* INFORMATION SUPPLIED *
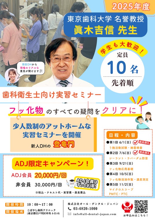 株式会社オール・デンタル・ジャパン【ADJ】(代表取締役:木下英明・廣田祥司)はDH向けハンズオンセミナーを、2025年7月6日(日)に都内のクリニックにて開催しました。
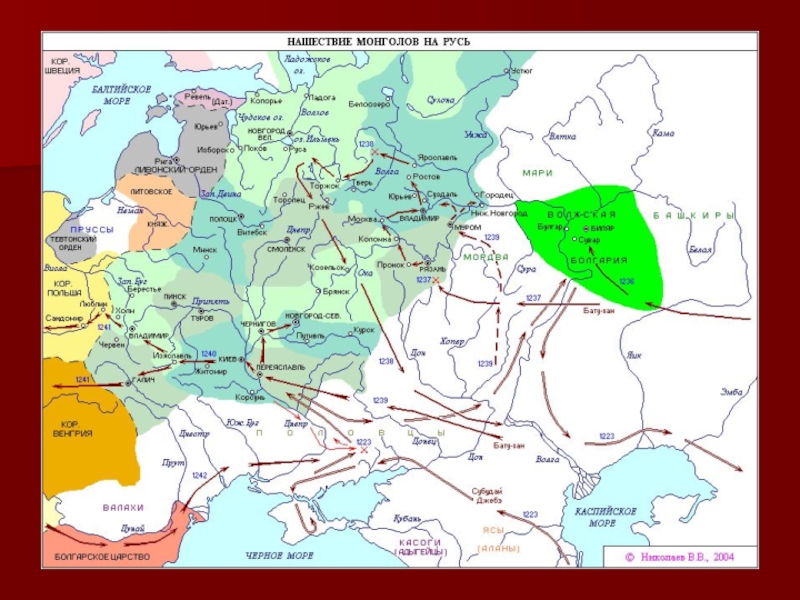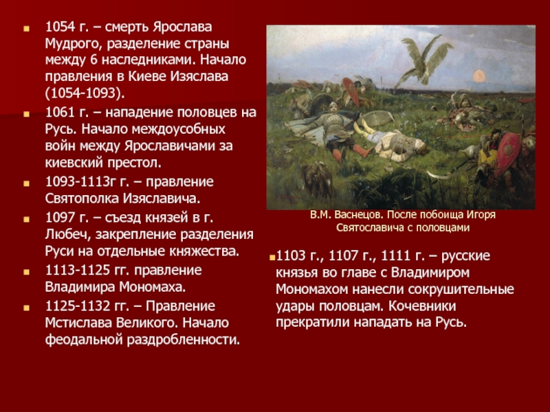 Упадок Киевской земли от набегов, перемещения торговых путей в обход Киева.
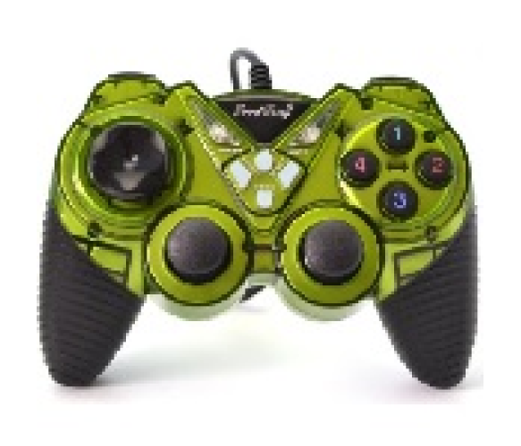 Опис: Геймпад USB-906 USB 2.0 Double Shock (зелений) призначений для використання на ПК. Він має провідне з'єднання і підтримує технологію Double Shock, що забезпечує додаткові тактильні відчуття під час гри.

* YOUR ASSIGNMENT *
The answer must be the whole listing, word for word, with no pictures in it. Please write it out.

* ANSWER TO THIS EXERCISE *
 株式会社オール・デンタル・ジャパン【ADJ】(代表取締役:木下英明・廣田祥司)はDH向けハンズオンセミナーを、2025年7月6日(日)に都内のクリニックにて開催しました。
 Упадок Киевской земли от набегов, перемещения торговых путей в обход Киева.
 Опис: Геймпад USB-906 USB 2.0 Double Shock (зелений) призначений для використання на ПК. Він має провідне з'єднання і підтримує технологію Double Shock, що забезпечує додаткові тактильні відчуття під час гри.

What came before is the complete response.